Mais on ne peut pas en dire autant de l'épisode Assault on Dark Athena, malheureusement. Alors que Butcher Bay mélange toujours les genres en une valse au rythme narratif impeccable, tout du long jusqu'à la ligne droite finale, Dark Athena bascule dans le FPS simplet et simpliste un peu trop vite. Quand Butcher Bay nous offre de la mesure et construit habilement la tension de sa fin au fil des scènes, Dark Athena nous colle dans les mains un lance-grenades aux munitions infinies à la moitié du jeu, massacrant un début qui prolongeait pourtant à merveille l'expérience infiltration sur les bases de Butcher Bay. Il y avait même de vrais traits de génie en matière de game design (rattacher les armes à feu aux corps de drones, pour nous donner juste cette lichette de puissance de feu, mais nous faire préférer la liberté d'un corps à corps aussi brutal qu'articulé sur l'infiltration). Dommage...

"It's been a long time since I smelled beautiful"

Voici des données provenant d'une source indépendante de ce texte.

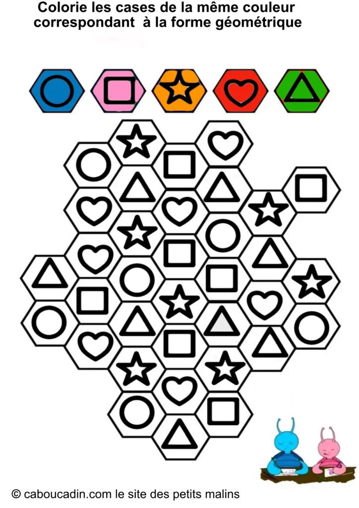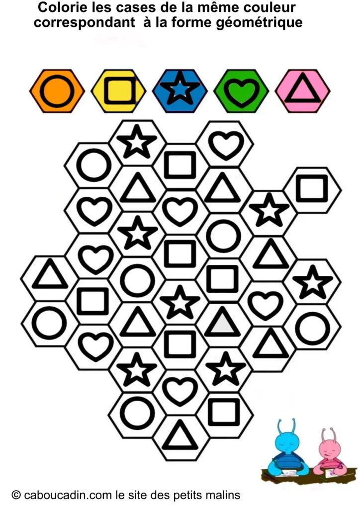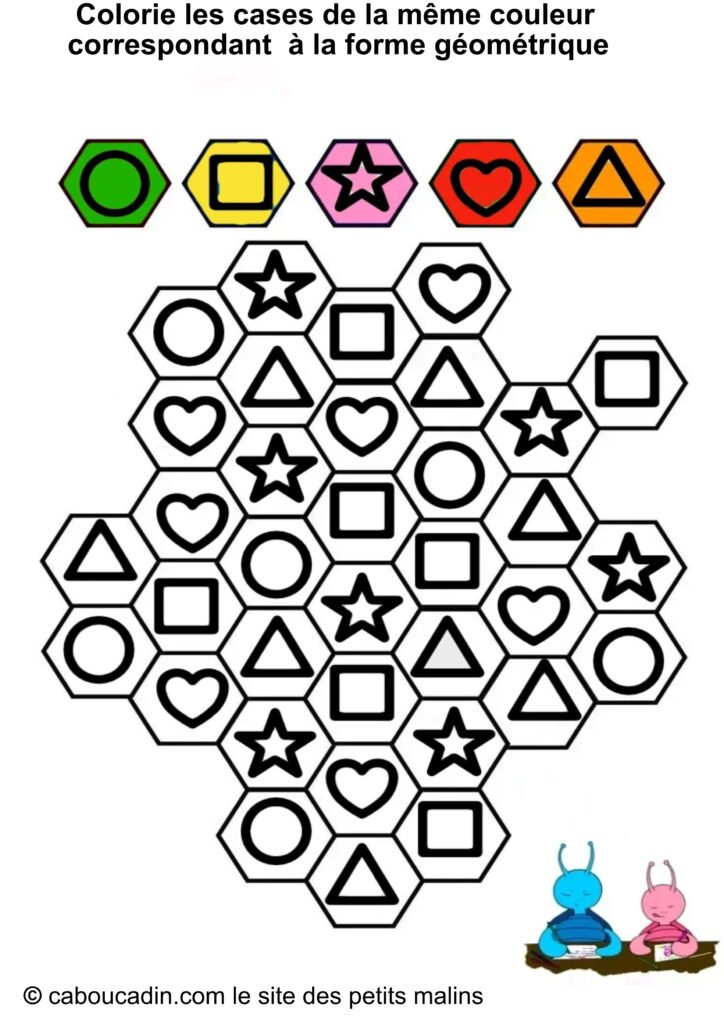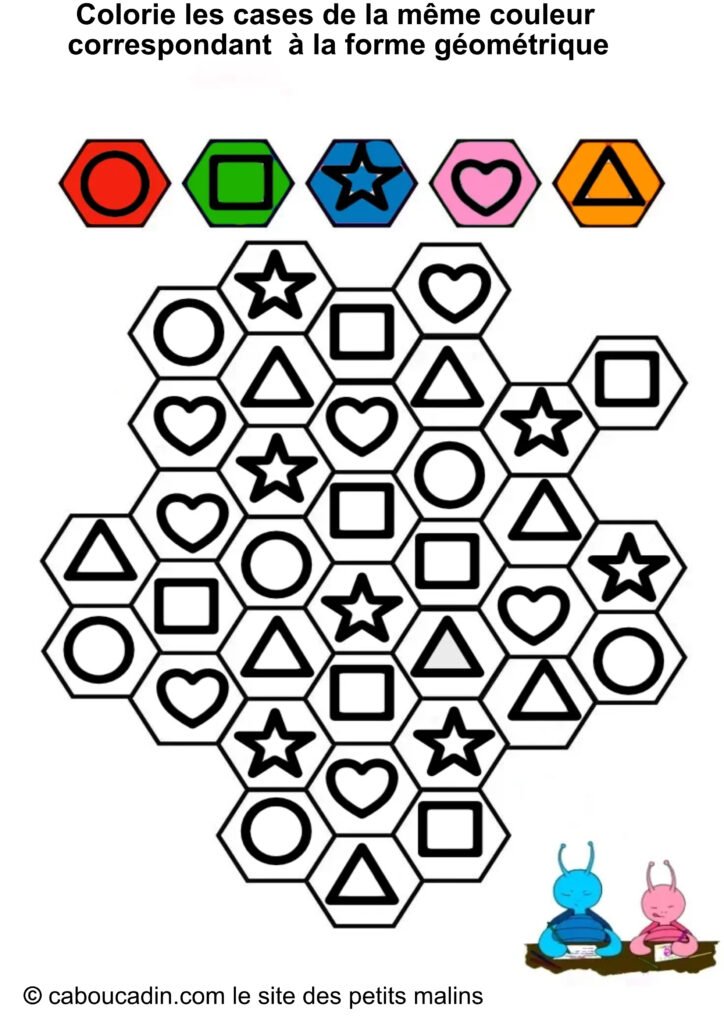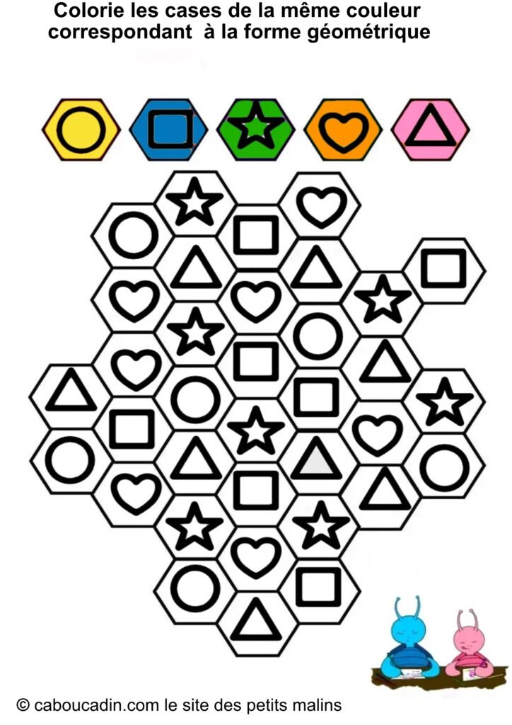 Titre : « Colorie les cases de la même couleur correspondant à la forme géométrique ». Ce titre explique clairement ce que les enfants devront faire.

L'histoire des jeux semble être celle des films ; après un Pitch Black impeccable, qui aura brillamment su s'accommoder de son petit budget en narrant son histoire avec passion et inventivité, Chronicles of Riddick a tenté de surfer sur ce premier succès en se laissant emporter par des moyens plus importants. Mais à trop soigner la forme il en a perdu une partie du fond. Et cet aspect un peu bancal se retrouve également dans le multi-joueurs. Une bonne partie de ce qu'il propose est agréable, mais dispensable, et un petit joyau se cache en son cœur : le mode Pitch Black. Un joueur dans la peau de Riddick, les autres à ses trousses, avec le faisceau d'une lampe torche à l'efficacité inversement proportionnelle à la puissance de l'arme sur laquelle elle est montée pour tenter de survivre au prédateur aux yeux de chouette. Un régal de tension, pour les deux camps.

Chronicles of Riddick : Assault on Dark Athena propose ce qui reste encore à ce jour l'une des expériences en vue subjective les plus marquantes de la galaxie Science-Fiction, riche d'un doublage irréprochable, d'une atmosphère délicieusement clair-obscur, et d'un subtil équilibre des genres curieusement jamais reproduit en 5 ans. Le reste, du disque, c'est du bonus. Les profanes comme les fans de l'original pesteront sur certains détails (IA parfois à la rue, des bugs ça et là, une réalisation datée, mais surtout de longs chargements qui agacent bien plus aujourd'hui qu'hier, surtout avec les allers-retours), mais rien que pour Butcher Bay et le plaisir de renouer avec ce salaud de Riddick, moi, je lâche mes euros.